> **Information provided**:
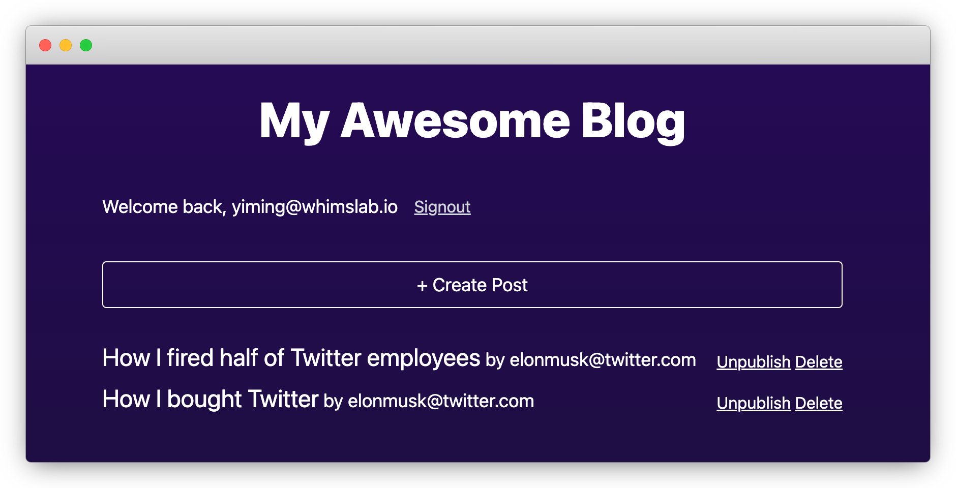 Restart the dev server and try creating a few posts. You should see something like the following:
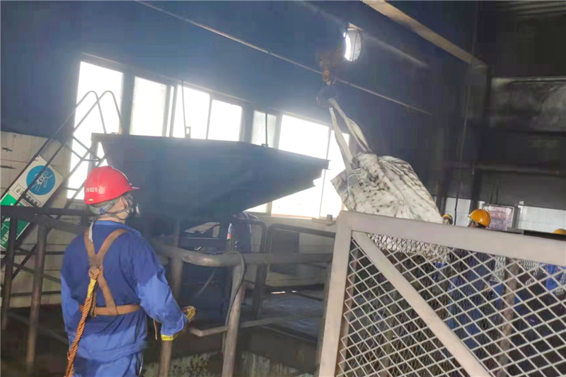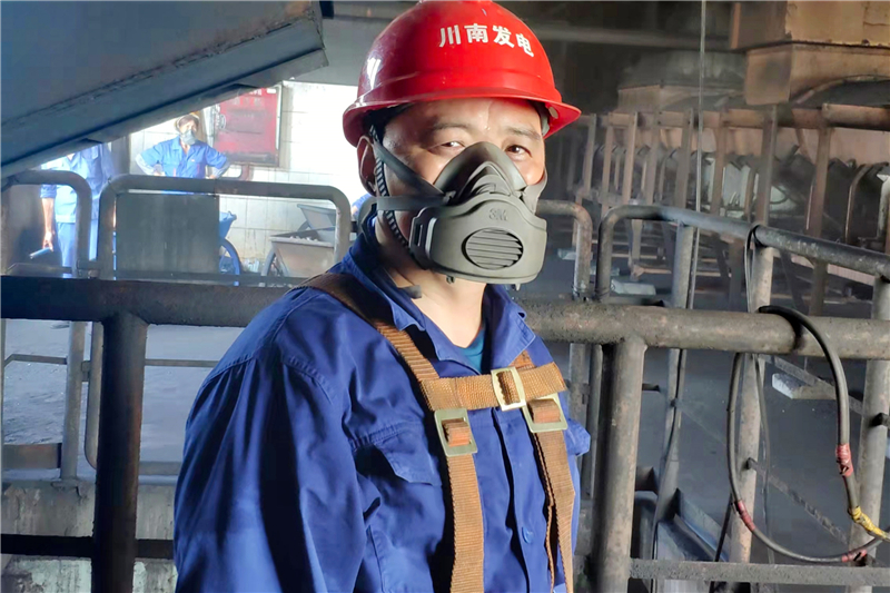 8月21日,星期天,發(fā)電部鍋爐專工何世永又主動放棄了休息,早早地來到了生產(chǎn)現(xiàn)場。只見他頭戴安全帽,身著工作服,腰系安全帶,面戴防塵面具,穿梭在輸煤煤倉間,仔細(xì)查看鋼球磨損情況,制定不同尺寸鋼球添加比例,然后將幾噸的成袋鋼球通過電動葫蘆加注到一個(gè)個(gè)原煤倉中。40多攝氏度的氣溫讓身披“鎧甲”的他大汗淋漓,不一會兒,汗水就浸透了他的衣衫。
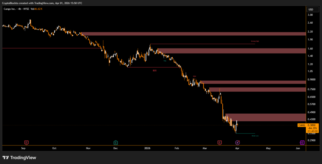 As of mid-session trading, Cango shares were priced at approximately $0.40, reflecting continued pressure on the company’s market valuation.

> **Task requirements**: Since the pictures are not wanted, transcribe only the rest of the material above, exactly as it stands.

> **Result**:
 Restart the dev server and try creating a few posts. You should see something like the following:
 8月21日,星期天,發(fā)電部鍋爐專工何世永又主動放棄了休息,早早地來到了生產(chǎn)現(xiàn)場。只見他頭戴安全帽,身著工作服,腰系安全帶,面戴防塵面具,穿梭在輸煤煤倉間,仔細(xì)查看鋼球磨損情況,制定不同尺寸鋼球添加比例,然后將幾噸的成袋鋼球通過電動葫蘆加注到一個(gè)個(gè)原煤倉中。40多攝氏度的氣溫讓身披“鎧甲”的他大汗淋漓,不一會兒,汗水就浸透了他的衣衫。
 As of mid-session trading, Cango shares were priced at approximately $0.40, reflecting continued pressure on the company’s market valuation.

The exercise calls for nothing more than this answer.